This is a cool video of a streetcar ride to Berkeley in 1906.
Below is the excerpt describing the footage.
This film, shot from a moving streetcar, shows portions of north Berkeley and the adjacent University of California campus, circa 1906. (A 1905 photo-panorama of Berkeley shows a virtually identical view of the area seen in the film.) The Oakland and Berkeley Rapid Transit Company began operating in 1891 and was a major factor in the development of Berkeley. Unincorporated until 1878, a decade after the foundation of the University of California, Berkeley was somewhat remote from the east-bay urban center of Oakland to the south.

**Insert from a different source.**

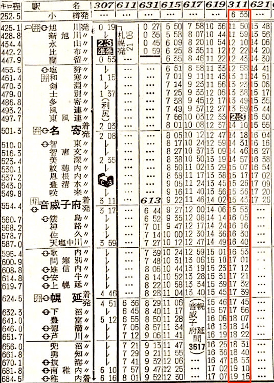 【普通】316:音威子府0612-(宗谷本線)-1019旭川1035-(函館本線)-1540小樽【9時間28分】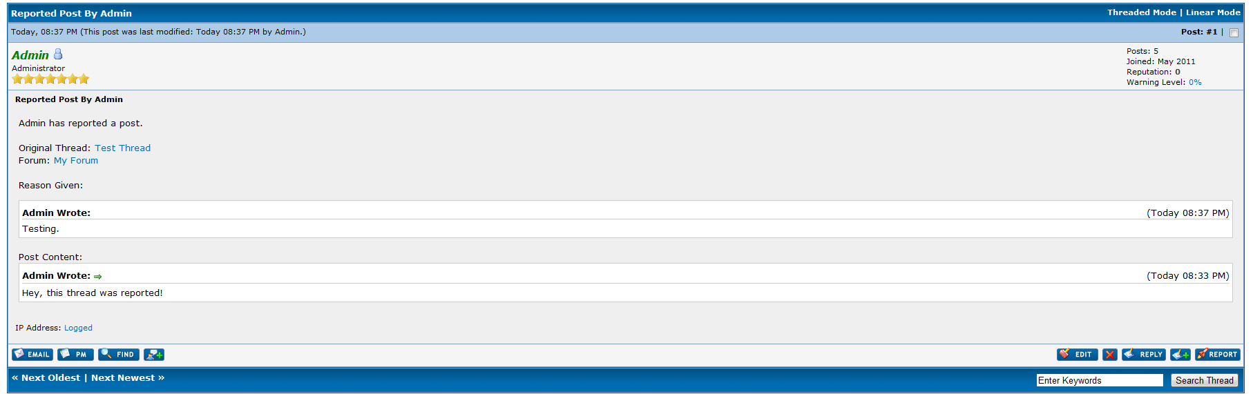 When a post is reported, if the plugin is enabled a new thread will be created under the specified forum ID (can be changed under the plugin's settings in the Admin CP) by the user who reported the post containing a bit of information about the report such as the reason, the thread's link, the forum in which the thread is located and the posts contents at time of being reported.

The apparent abundance of undeveloped land seen in the film is a bit deceptive; trees, hills and the narrow viewpoint of the camera hide much of the neighborhood, which was fairly well built-up by 1906, although much room remained for further growth. Over the following decades even the Berkeley Hills were covered with homes, as the University matured into a world-class institution. A large portion of north Berkeley burned in the 1923 fire, but the area was quickly rebuilt. (The major 1991 fire was in the Oakland Hills, just south of the university campus.) The streetcar route shown is most of the final portion of the #4 line (built in 1901) originating in downtown Oakland. The #3 Oxford Street line, seen at the start of the film, also originated in Oakland. In 1903 the Berkeley streetcar system had become part of Oakland Transit Consolidated, basis of the Key Route system that linked east bay transit lines to its Oakland/San Francisco ferries. The #3 line closed in 1932. Later-model streetcars on the #4 line were replaced by buses in 1948. The Hearst/Euclid avenues portion of that line is now part of the #65 Grizzly Peak bus line.